▸ Material supplied:
______

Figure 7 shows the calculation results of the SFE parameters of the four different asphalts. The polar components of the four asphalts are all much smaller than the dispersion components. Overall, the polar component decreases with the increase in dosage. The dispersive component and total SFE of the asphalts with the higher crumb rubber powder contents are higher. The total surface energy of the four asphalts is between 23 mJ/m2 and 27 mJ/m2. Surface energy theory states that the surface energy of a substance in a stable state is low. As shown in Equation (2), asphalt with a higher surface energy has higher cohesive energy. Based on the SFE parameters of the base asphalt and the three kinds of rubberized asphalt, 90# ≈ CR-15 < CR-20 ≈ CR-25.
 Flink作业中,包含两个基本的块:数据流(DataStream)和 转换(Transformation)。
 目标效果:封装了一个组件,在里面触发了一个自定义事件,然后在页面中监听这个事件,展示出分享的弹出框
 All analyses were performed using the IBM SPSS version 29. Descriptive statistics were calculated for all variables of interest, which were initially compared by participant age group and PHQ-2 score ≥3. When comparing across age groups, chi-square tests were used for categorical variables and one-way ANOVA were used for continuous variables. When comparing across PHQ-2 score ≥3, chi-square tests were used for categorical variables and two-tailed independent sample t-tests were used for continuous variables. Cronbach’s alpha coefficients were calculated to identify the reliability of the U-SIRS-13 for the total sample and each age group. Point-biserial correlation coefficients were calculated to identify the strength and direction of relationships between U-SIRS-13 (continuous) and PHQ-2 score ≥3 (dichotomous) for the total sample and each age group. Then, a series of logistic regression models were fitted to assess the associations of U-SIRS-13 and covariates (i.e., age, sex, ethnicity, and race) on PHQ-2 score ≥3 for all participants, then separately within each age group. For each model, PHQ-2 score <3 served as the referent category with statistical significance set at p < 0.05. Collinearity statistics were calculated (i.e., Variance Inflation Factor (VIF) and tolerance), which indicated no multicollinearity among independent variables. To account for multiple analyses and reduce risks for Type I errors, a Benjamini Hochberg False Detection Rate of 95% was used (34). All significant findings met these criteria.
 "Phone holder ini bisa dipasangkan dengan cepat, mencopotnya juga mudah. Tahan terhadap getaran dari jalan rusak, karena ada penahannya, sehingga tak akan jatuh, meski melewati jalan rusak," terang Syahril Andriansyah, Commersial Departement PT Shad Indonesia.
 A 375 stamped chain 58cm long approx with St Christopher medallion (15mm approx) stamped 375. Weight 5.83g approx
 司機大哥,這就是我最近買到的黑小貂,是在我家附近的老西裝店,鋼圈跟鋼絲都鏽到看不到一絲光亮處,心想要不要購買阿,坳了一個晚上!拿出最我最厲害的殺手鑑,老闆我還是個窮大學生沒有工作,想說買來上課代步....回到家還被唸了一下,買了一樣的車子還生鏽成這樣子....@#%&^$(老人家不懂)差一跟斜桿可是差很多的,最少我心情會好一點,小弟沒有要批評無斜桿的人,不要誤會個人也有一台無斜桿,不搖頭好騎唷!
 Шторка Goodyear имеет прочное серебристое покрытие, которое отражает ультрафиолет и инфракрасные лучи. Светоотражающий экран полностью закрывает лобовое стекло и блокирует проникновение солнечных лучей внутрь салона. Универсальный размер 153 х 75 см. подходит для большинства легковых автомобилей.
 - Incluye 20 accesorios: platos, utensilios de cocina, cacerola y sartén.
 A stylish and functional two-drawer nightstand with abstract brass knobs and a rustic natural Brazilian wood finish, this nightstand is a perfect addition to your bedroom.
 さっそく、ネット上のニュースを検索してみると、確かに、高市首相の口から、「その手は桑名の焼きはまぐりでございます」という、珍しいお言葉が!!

______

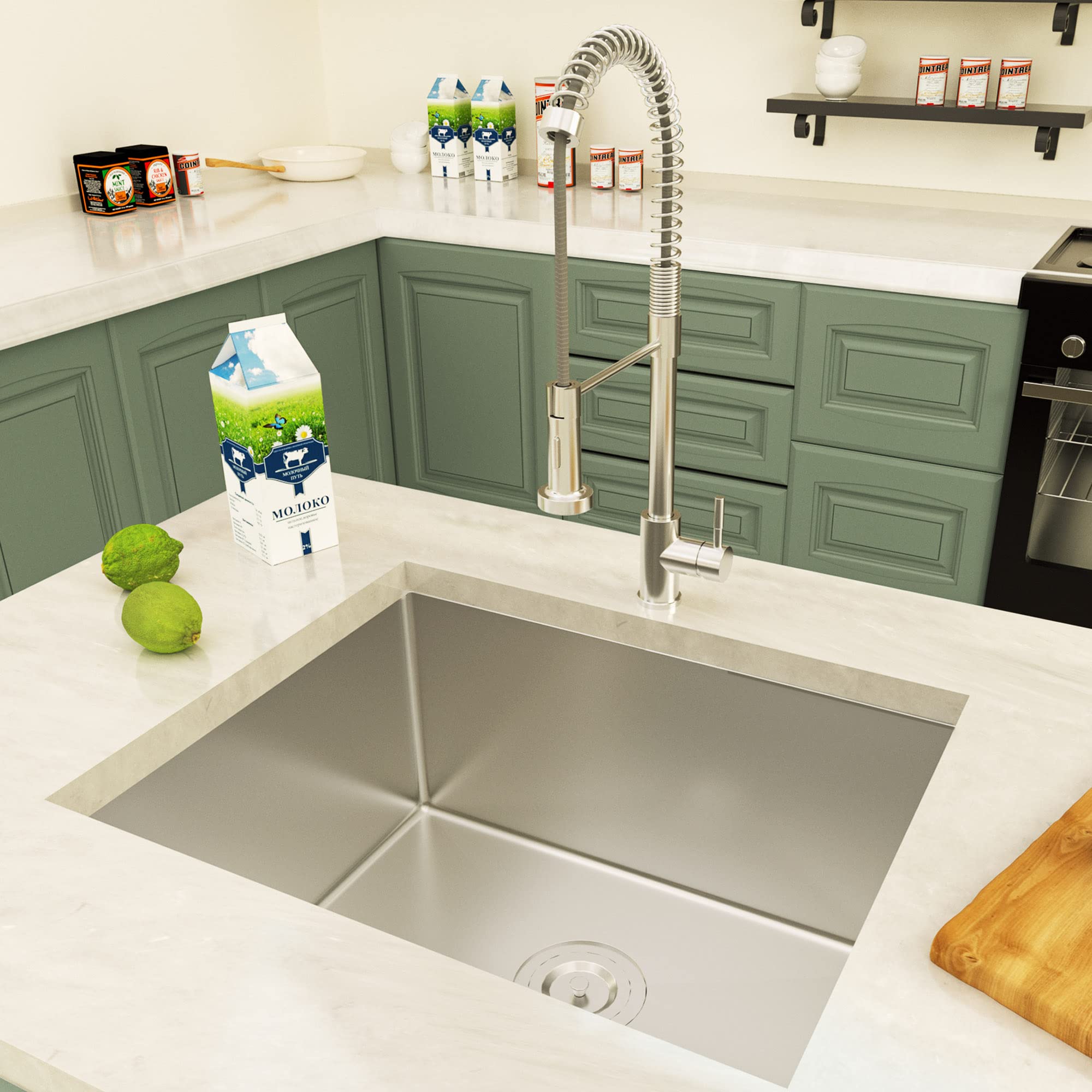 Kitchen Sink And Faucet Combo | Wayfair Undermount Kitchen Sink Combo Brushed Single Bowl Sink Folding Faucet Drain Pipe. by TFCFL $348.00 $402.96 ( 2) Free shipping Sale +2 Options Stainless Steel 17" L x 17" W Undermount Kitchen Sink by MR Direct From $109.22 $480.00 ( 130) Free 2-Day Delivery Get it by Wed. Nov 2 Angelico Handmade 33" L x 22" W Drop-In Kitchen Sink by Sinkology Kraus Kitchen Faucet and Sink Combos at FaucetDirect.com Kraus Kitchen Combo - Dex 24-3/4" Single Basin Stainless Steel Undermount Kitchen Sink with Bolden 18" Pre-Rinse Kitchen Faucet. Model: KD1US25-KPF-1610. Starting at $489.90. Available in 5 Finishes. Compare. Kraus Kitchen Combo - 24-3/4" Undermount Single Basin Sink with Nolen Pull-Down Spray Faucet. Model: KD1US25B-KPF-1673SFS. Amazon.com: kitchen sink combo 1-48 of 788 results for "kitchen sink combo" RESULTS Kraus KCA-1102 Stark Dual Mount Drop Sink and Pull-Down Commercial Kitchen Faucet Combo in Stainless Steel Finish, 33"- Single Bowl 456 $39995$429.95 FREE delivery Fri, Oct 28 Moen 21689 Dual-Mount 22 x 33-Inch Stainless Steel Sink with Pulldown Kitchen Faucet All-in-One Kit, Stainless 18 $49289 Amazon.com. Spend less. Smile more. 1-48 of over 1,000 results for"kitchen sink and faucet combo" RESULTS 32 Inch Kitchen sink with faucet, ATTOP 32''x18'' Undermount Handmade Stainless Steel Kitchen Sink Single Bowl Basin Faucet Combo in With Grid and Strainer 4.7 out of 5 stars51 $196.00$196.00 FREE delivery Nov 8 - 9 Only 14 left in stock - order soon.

______

▸ Aim of the task: When the line with "Figure 7 shows" is reached in the data above, start copying there, and copy each line exactly until the line with "目标效果:封装了一个组件,在" has been copied; copy nothing else.

▸ Exercise result:
Figure 7 shows the calculation results of the SFE parameters of the four different asphalts. The polar components of the four asphalts are all much smaller than the dispersion components. Overall, the polar component decreases with the increase in dosage. The dispersive component and total SFE of the asphalts with the higher crumb rubber powder contents are higher. The total surface energy of the four asphalts is between 23 mJ/m2 and 27 mJ/m2. Surface energy theory states that the surface energy of a substance in a stable state is low. As shown in Equation (2), asphalt with a higher surface energy has higher cohesive energy. Based on the SFE parameters of the base asphalt and the three kinds of rubberized asphalt, 90# ≈ CR-15 < CR-20 ≈ CR-25.
 Flink作业中,包含两个基本的块:数据流(DataStream)和 转换(Transformation)。
 目标效果:封装了一个组件,在里面触发了一个自定义事件,然后在页面中监听这个事件,展示出分享的弹出框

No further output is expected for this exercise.